CP: Right. I think just stating that allows people a sense of power, that they're not just trapped in certain circumstances. They can't change the circumstance, but at least they can change their reaction to it, and that's a really powerful thing to start from.
NP: I often see that when I'm driving around the poor neighborhoods in Los Angeles...some of the homes are beautiful craftsman style houses, and they're just in the worst, most Hellish neighborhoods. You just think about what would happen if, as a group, people saw the potential in their existing world. What might happen if they did a little bit of what Madison did -- putting paper lilies on the sea of shit, so to speak.
CP: In a way, she's doing it all for her parents, because she's recognizing that, as ineffectual as her parents were, their motive was to try to provide her with a better world. She doesn't necessarily have to succeed, but she can at least return the effort by trying to provide them with a better Hell, a better afterlife.

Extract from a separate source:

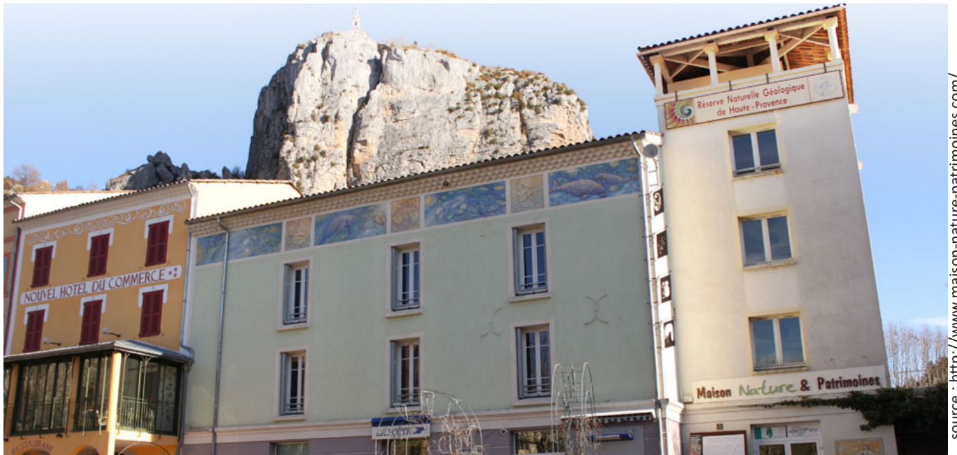
Maison Nature et Patrimoines - Castellane

What redeems us is maybe not so much succeeding in that effort as it is making the effort for another person. That's one of the things that takes her mind off the fact that she herself is stuck in this awful place. Boy, that sounds lofty. Sorry about that.
NP: Also, just with the way she touches and affects other people. Her friends in Hell start off being a not very pleasant group of people, but through her sheer force of personality, they actually become really good friends and better people. And that goes to the effect that you can have on those around you just by being a little bit more pleasant yourself.
CP: Pleasant and accessible. There's a sense that Madison is denying the drama of the situation and denying a kind of social hierarchy. Everything that occurs is kind of equal for her, and that allows comedy to occur. When you deny the drama or the existing power structure, then comedy occurs.
NP: Madison is a very sympathetic character because of her parents. They have very misguided good intentions. If they do something good it's only ever in front of cameras. You have this line, "The road to Hell is paved in publicity stunts." It reminds me of the uncomfortable feeling I get when I'm at most Hollywood charity events...
CP: It really undermines the idea that anything can be good, and you sort of go back out into your life with a corrupt sense of altruism. That seems like the most insidious part of it, that you quit even believing that goodness is even possible because you always see it harnessed to a project or to publicity, to some sort of capital endeavor. That's the horrible part; you forget that there even is a heaven because it's all about making money or something like that.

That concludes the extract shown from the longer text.